The goal of this clinical trial is to evaluate the effectiveness of inspiratory Muscle Training (IMT) on both objective and subjective sleep parameters in patients with OSA.Methods: A prospective, randomized, controlled clinical trial will be conducted with patients diagnosed with OSA followed at Otavio de Freitas Hospital.

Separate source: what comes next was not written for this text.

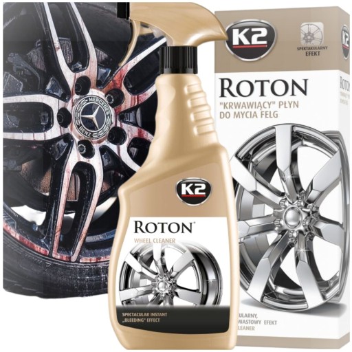 ✔️Płyn K2 ROTON rewelacyjnie eliminuje trudne do usunięcia zabrudzenia, w tym osady pochodzące z klocków hamulcowych oraz zanieczyszczenia drogowe, co widoczne jest poprzez przekształcenie koloru płynu na intensywnie czerwony (efekt "krwawienia").

Participants will be evaluated for excessive daytime sleepiness (Epworth Sleepiness Scale), sleep quality (Pittsburgh Sleep Quality Index), physical activity level (IPAQ), sleep latency, total sleep time, sleep efficiency, number of nocturnal awakenings, total time in bed, total wake time during sleep (Actigraphy), hypoxic burden during sleep (Nocturnal Oximetry), disease severity (Polysomnography), respiratory muscle strength (Manovacuometry), and respiratory muscle endurance (Powerbreathe K-series) before and after 4 weeks of training, as well as perceived change in health status after IMT (PGIC).Participants will be divided into two groups and will perform IMT for 4 weeks: the experimental group will perform IMT with a progressive weekly load (50%, 60%, 75% of MIP) adjusted using the Powerbreathe® Classic device, while the control group will use the device without load. The participants will perform IMT at home under the guidance of the principal investigator.Statistical Analysis: Data will be analyzed using SPSS version 26.0 with descriptive and analytical statistical techniques. Normality will be assessed using the Shapiro-Wilk test. For intergroup and intragroup comparisons, two-way ANOVA will be used. Tukey's post-hoc test will be applied to compare pre- and post-intervention mean variances for each group. The level of significance adopted for all analyses will be 95% (p \< 0.05).Expected Results: It is expected that 4 weeks of IMT in patients with OSA will reduce excessive daytime sleepiness, sleep latency, number of awakenings, and hypoxic burden, as well as increase sleep efficiency and total sleep time, leading to improved sleep quality.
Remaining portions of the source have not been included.